In Italia, la gestione di una discoteca con annessa attività di somministrazione è disciplinata da una serie di normative che regolano sia l’aspetto della somministrazione di alimenti e bevande sia quello degli spettacoli pubblici. La base normativa principale è il Testo Unico delle Leggi di Pubblica Sicurezza (TULPS), in particolare l’articolo 69, che stabilisce le modalità di somministrazione di alimenti e bevande nei pubblici esercizi.

In aggiunta, il D.Lgs. 142/1998 regola gli spettacoli pubblici, richiedendo specifiche autorizzazioni per l’organizzazione di eventi musicali e di intrattenimento. Per avviare un’attività di questo tipo, è necessario presentare una Segnalazione Certificata di Inizio Attività (SCIA) al Servizio Unico per le Attività Produttive (SUAP) del comune competente.
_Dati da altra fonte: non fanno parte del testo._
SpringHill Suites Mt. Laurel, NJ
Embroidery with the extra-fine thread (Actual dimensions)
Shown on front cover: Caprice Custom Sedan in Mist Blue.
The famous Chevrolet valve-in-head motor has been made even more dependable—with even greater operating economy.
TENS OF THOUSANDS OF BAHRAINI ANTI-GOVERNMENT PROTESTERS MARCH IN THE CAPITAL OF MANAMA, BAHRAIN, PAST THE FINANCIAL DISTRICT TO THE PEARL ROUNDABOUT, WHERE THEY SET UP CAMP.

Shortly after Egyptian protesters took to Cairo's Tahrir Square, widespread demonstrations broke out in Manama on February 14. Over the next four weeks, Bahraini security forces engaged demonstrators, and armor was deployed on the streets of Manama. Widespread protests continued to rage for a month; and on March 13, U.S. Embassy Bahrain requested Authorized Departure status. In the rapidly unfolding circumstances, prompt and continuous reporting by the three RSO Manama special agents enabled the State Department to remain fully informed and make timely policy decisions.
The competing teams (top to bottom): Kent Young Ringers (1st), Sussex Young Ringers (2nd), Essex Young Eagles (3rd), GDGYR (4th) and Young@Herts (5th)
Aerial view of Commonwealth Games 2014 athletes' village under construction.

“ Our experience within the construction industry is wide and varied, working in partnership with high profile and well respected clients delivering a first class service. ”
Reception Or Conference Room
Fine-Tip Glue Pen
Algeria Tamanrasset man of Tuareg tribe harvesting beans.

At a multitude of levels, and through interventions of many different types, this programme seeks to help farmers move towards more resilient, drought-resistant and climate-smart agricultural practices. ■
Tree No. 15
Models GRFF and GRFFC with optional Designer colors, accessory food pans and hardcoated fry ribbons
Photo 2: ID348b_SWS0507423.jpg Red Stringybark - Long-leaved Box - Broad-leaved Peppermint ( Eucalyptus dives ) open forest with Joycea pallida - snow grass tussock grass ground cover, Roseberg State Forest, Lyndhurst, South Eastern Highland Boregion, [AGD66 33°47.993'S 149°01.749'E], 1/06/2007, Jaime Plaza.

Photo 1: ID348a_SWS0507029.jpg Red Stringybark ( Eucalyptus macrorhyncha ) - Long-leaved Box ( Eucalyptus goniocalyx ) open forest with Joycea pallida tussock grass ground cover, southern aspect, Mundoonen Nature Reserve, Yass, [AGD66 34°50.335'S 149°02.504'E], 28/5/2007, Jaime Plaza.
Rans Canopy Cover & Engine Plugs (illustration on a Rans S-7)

Altri requisiti fondamentali includono:

  • Agibilità: secondo il D.M. 19/08/1996, è necessario ottenere un certificato di agibilità che attesti la sicurezza e la conformità del locale.
  • Normative antincendio: il D.M. 22/01/2008 stabilisce le misure di sicurezza da adottare per prevenire incendi e garantire la sicurezza dei clienti.
  • Normativa HACCP: per garantire la sicurezza alimentare, è obbligatorio seguire le linee guida del sistema di autocontrollo HACCP (Hazard Analysis and Critical Control Points).
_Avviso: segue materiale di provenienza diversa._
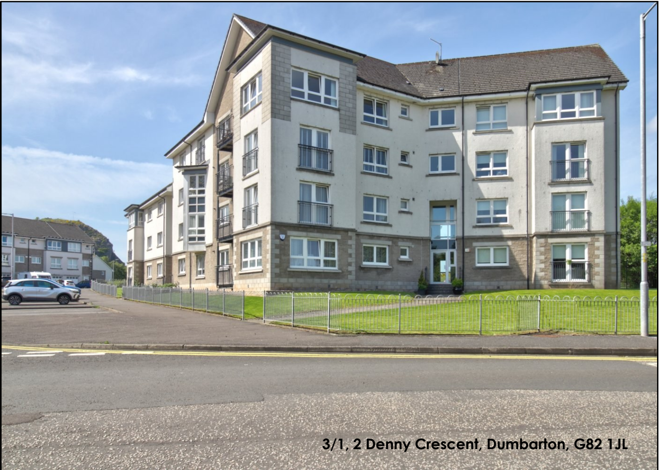
3/1, 2 Denny Crescent, Dumbarton, G82 1JL

Beautifully presented and filled with natural light, this stylish two-bedroom top-floor apartment offers an exceptional standard of modern living within the sought-after Castle Quay development. Originally the Turnberry show flat, it enjoys upgraded finishes, generous room sizes and impressive open views that create a wonderful sense of space.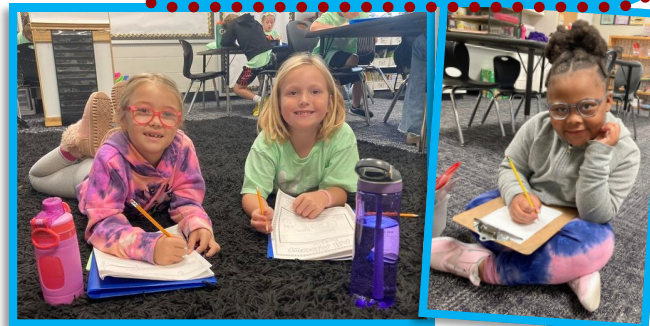
It's so fun practicing writing stories!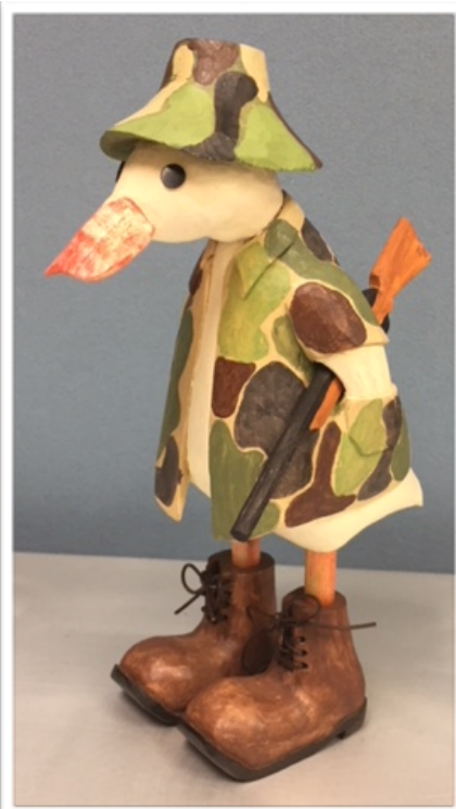
Dan carved a duck hunter from Wanda's blank, a fish from butternut, and a mouse with big ears.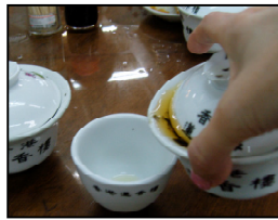
Pouring tea from a lidded teacup.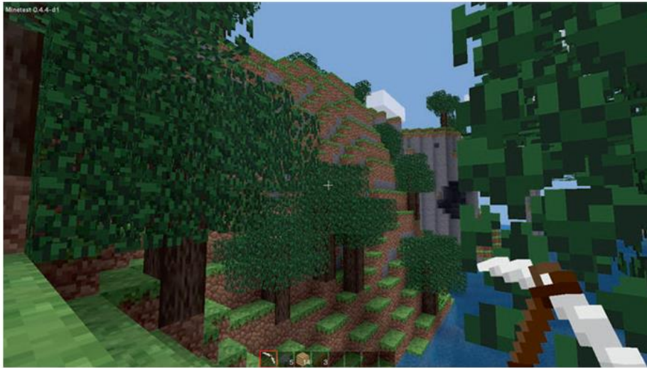
Fig. 7.1 A standard Minecraft survival environment

Un esempio pratico è rappresentato dal Frontemare Ristorante & Musica a Miramare, Rimini, che offre una cena a base di pesce e opzioni vegane, seguita da un dj set fino alle 3 del mattino, attirando una clientela over 40. Un altro esempio è il Bar Club Jackie a Val Thorens, che combina sushi e cocktail con musica funky house.

CONCLUSIONI

Gestire una discoteca con annessa attività di somministrazione richiede una conoscenza approfondita delle normative vigenti e il rispetto di procedure specifiche per garantire la legalità e la sicurezza dell’attività. È fondamentale che i gestori siano informati e aggiornati sulle leggi che regolano il settore per evitare sanzioni e garantire un servizio di qualità.
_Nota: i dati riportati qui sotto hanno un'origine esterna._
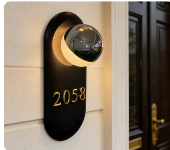
Wall-mounted boutique door sign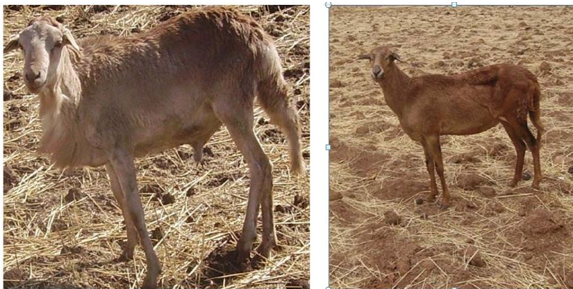
Figure 8. Horro sheep male (left) and female (right).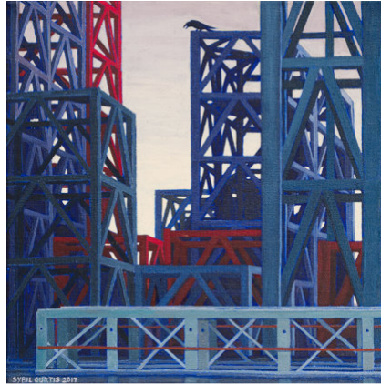
It's all mine (Summer Park, Brisbane) 2024 Oil on canvas, 35 × 35 cm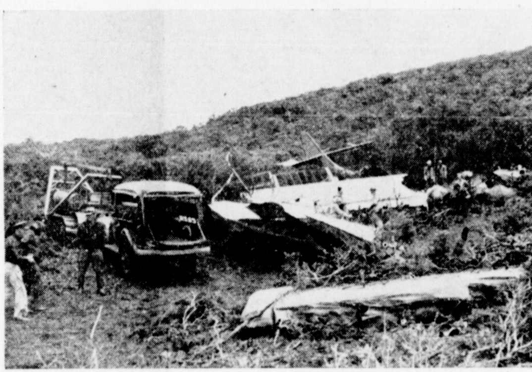
SCENE OF NAVY PLANE CRASH—Six men were killed and one injured in crash of this big two-motored PBV Navy Patrol bomber near San Francisco. Rescue workers seek bodies in wreckage while officials examine vital parts of ship in attempt to determine cause of the crash.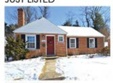
9413 Caroline Ave. Fabulous, expanded country cottage with 3BR/2BA renovated from top to bottom. $435,000.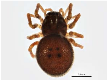
BIOUG05554-D03 [Dorsal] Ceratinella brunnea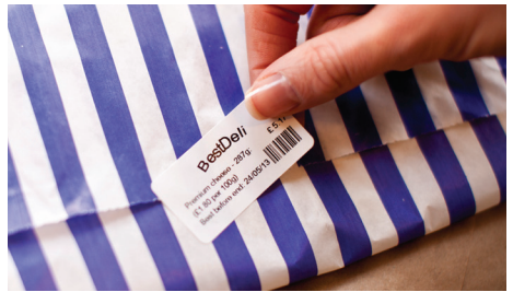
The adhesive used in Brother RD rolls has been certified safe for food labelling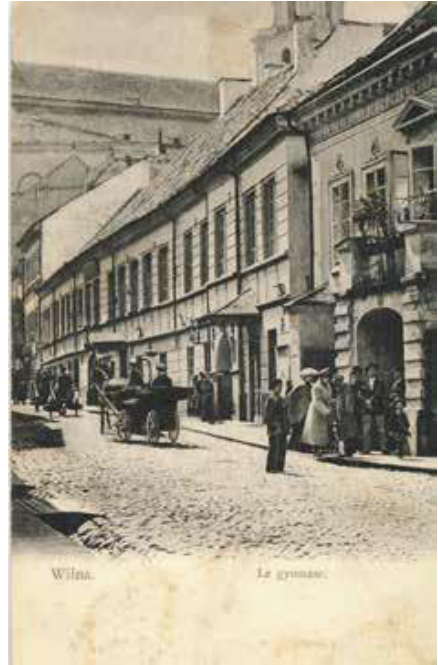
Fig. 2. Entrance to the Vilnius Drawing School from Pilies Street. Postcard

The first three years of study were open to all applicants, but the “special” course taught during the fourth year could be accessed only upon completing the initial courses or passing an examination. Judging from the fact that, having arrived in Vilnius in the summer of 1909, Soutine took this exam, he must have enrolled in the “special” course.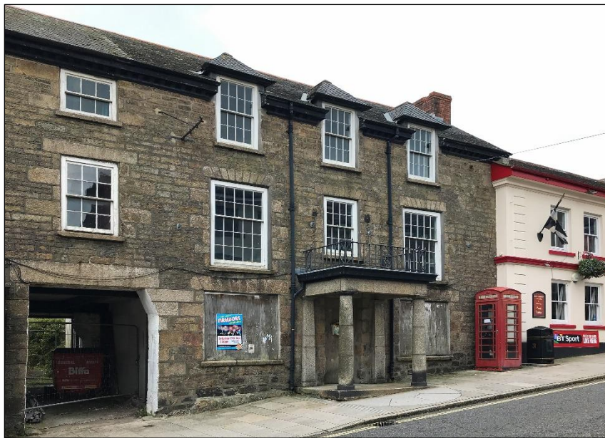
The Commercial Hotel, Fore Street, Redruth – Photo: Ainsley Cocks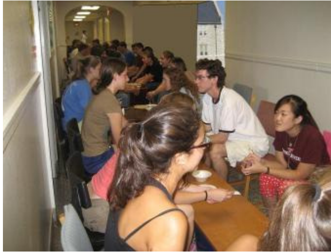
Main Campbell residents hold a séance in a vain attempt to determine the location of their former patriarch's room, center.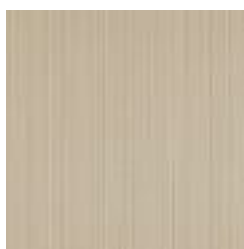
W2-LN-08 ROYAL CREAM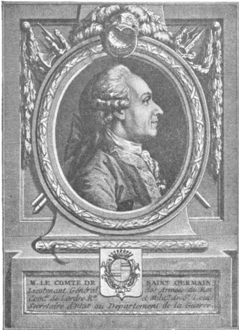
THE COMTE DE SAINT GERMAIN.

On the side of philosophy Saint-Martin connects with Pasqually, in the sense that the teachings of the latter passed through the alembic of the mystic's mind, issuing under I know not what transmuted forms, but in a way that made them his own after a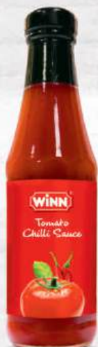
Weight - 340g Type - (Glass Bottle)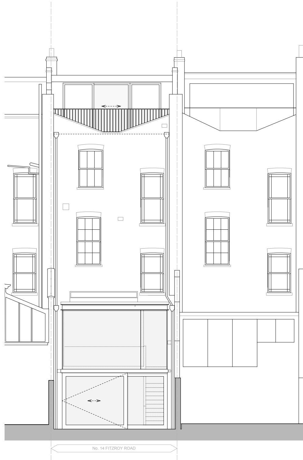
1 Consented NW Elevation Scale: 1:50 Application ref: 2015/5028/P

IMPLICAZIONI PER IL DIPENDENTE PUBBLICO / CONCORSISTA

Per i dipendenti pubblici e i concorsisti, comprendere la normativa relativa alle discoteche e alle attività di somministrazione è cruciale, poiché possono trovarsi a gestire pratiche autorizzative o controlli di conformità. Una preparazione adeguata su questi temi può rappresentare un vantaggio significativo nei concorsi pubblici e nelle carriere all’interno della pubblica amministrazione.

PAROLE CHIAVE

Discoteca, somministrazione, TULPS, SCIA, agibilità, normative antincendio, HACCP, pubblici spettacoli.

ELENCO RIFERIMENTI NORMATIVI

  • R.D. 773/1931 - Testo Unico delle Leggi di Pubblica Sicurezza (TULPS)
  • D.Lgs. 142/1998 - Disciplina degli spettacoli pubblici
  • D.M. 19/08/1996 - Norme per l’agibilità dei locali
  • D.M. 22/01/2008 - Norme di prevenzione incendi
  • Regolamento CE 852/2004 - Igiene dei prodotti alimentari (HACCP)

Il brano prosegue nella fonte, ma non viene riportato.